The gameplay is also simplistic in that the only two buttons that do anything are A and B, which is ‘walk’ and ‘run’, respectively. The analogue sticks do nothing; therefore you cannot walk backwards at all. Just keep on walking forwards.
You walk, and you walk. That’s pretty much the game. Walking from the beginning of the game to the end only takes a few minutes too. Still here? Good, because Star Sky is so much more than that. Walking along your way, you have the chance to activate certain ‘events’. You know when an event is around because you will here music fade in and if you’re able to activate it, little sparkles will flash around you.
There is no story to Star Sky. It’s all in your imagination. Triggering these events will cause you to create your own narrative in your head. What is this rose for? Where’s he going? Who is that person? You will only get out of it, what your imagination puts in.
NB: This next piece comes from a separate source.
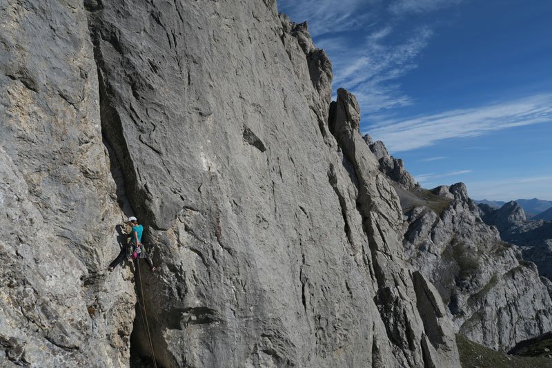El siguiente largo mucho más sencillo me permite bajar pulsaciones, disfrutar de una escalada relajada y sonreírle a Manu Pratts. Que colgado del vacío nos echa fotos, se le ve feliz, le apasiona lo que hace. Y de repente dice: “La tenemos” y se le ilumina la cara.

Now, I don’t claim to be imaginative (I still pretend I’m Lu Bu from Dynasty Warriors if I have mop in my hand – so there’s that) but even I found myself writing my own narrative for the game in my head as I was playing. The events certainly help with this. They are often cute, sweet and often beautiful in their simplicity. It’s an experience with a lot of warmth and heart.
There are only 18 events to experience including multiple endings (so I’d rather not spoil any) but it is impossible to find all of them in one play through the game. Triggering one event can cause another event to be available later on, and vice versa; it can also make it impossible to see certain other events.
After the first three or so goes through the game, and experiencing it differently each time, you begin to lose the imaginative narration and commence the hunt for the rest of the events. Teasingly at the end of each run through you a shown a vague map, interpreting the game world where it highlight the events you experienced in that particular run, the events you have seen previously and slight hints towards those events you have yet to experience. It’s this map that drives you forward to keep playing and experimenting with the game to get those last remaining events.
There are a few key things that will help a lot in seeing a variety of different scenarios the biggest of which is the rose you are able to pick up early on (if you want to!).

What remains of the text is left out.